Question

A model rocket is launched with an initial velocity of 240 ft/s. The height, h, in feet, of the rocket t seconds after the launch is given by
h = −16t2 + 240t.
How many seconds after launch will the rocket be 390 ft above the ground? Round to the nearest hundredth of a second.

s (smaller value)
s (larger value)

Answer 1

Answer:

About 1.85 seconds and 13.15 seconds.

Step-by-step explanation:

The height (in feet) of the rocket t seconds after launch is given by the equation:

$h = -16t^2 + 240 t$

And we want to determine how many seconds after launch will be rocket be 390 feet above the ground.

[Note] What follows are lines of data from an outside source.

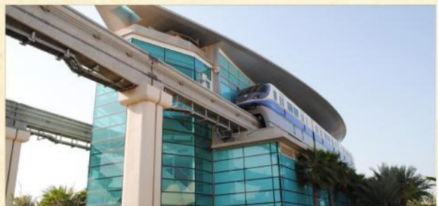
▲ Dubai Monorail單軌鐵路

· 杜拜湖音樂噴泉 ：2009年中全新開幕，高150米，長275米，糅合了音樂和躍動水柱，變幻出1000種不同的聲光效果造型，給你震撼的視覺新享受！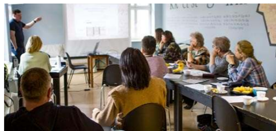
◀ 15.04 Warsztaty genealogiczne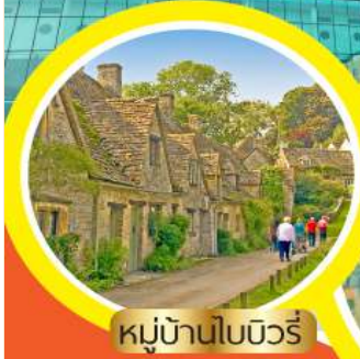
หมู่บ้านไบบิวรี่

Thus, let h = 390 and solve for t:

$390 = -16t^2 +240t$

Isolate:

$-16t^2 + 240 t - 390 = 0$

Simplify:

$8t^2 - 120t + 195 = 0$

We can use the quadratic formula:

$\displaystyle x = \frac{-b\pm\sqrt{b^2 -4ac}}{2a}$

In this case, a = 8, b = -120, and c = 195. Hence:

$\displaystyle t = \frac{-(-120)\pm \sqrt{(-120)^2 - 4(8)(195)}}{2(8)}$

Evaluate:

$\displaystyle t = \frac{120\pm\sqrt{8160}}{16}$

Simplify:

$\displaystyle t = \frac{120\pm4\sqrt{510}}{16} = \frac{30\pm\sqrt{510}}{4}$

Thus, our two solutions are:

$\displaystyle t = \frac{30+ \sqrt{510}}{4} \approx 13.15 \text{ or } t = \frac{30-\sqrt{510}}{4} \approx 1.85$

Hence, the rocket will be 390 feet above the ground after about 1.85 seconds and again after about 13.15 seconds.